##### INPUT RECORDS #####

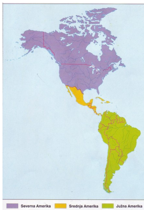
Slika 4 : Delitev Amerike

delimo Ameriko na dve celini, Severno 1 in Južno Ameriko, ki ju povezuje nenovnan Srednja Amerika 2 . Pojma Angloamerika in Latinska Amerika kolonizatorjev. Jezika kolonizatorjev Angloamerike sta bila v največji meri najširšem delu francoščina, medtem ko sta španščina in portugalščina prevladujeta v južnem delu. To je tudi pojem latinska Amerika.
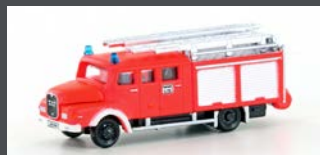
LC4221 MAN LF 16-TS FEUERWEHR, LEUCHTROT
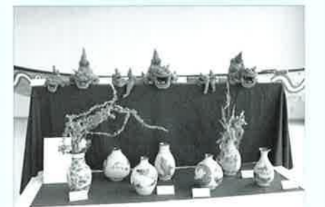
▲ゆかいなシーサーたちと元気そうに泳ぐ魚の模様の焼き物たち
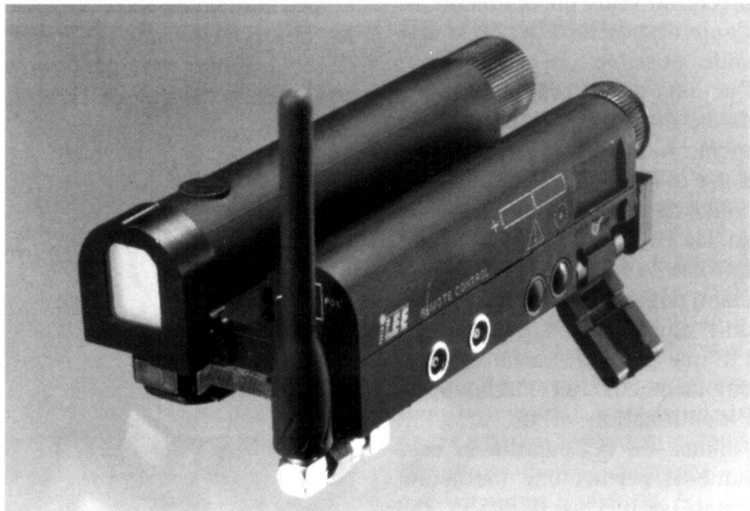
L'unité laser est montée sur le centre de gravité de l'arme.

#####

§ **ASSIGNMENT**
From the line containing "delimo Ameriko na" down to the last line of the entries above, retype each line exactly as it stands, but skip the pictures.

§ **RESPONSE BELOW**
delimo Ameriko na dve celini, Severno 1 in Južno Ameriko, ki ju povezuje nenovnan Srednja Amerika 2 . Pojma Angloamerika in Latinska Amerika kolonizatorjev. Jezika kolonizatorjev Angloamerike sta bila v največji meri najširšem delu francoščina, medtem ko sta španščina in portugalščina prevladujeta v južnem delu. To je tudi pojem latinska Amerika.
LC4221 MAN LF 16-TS FEUERWEHR, LEUCHTROT
▲ゆかいなシーサーたちと元気そうに泳ぐ魚の模様の焼き物たち
L'unité laser est montée sur le centre de gravité de l'arme.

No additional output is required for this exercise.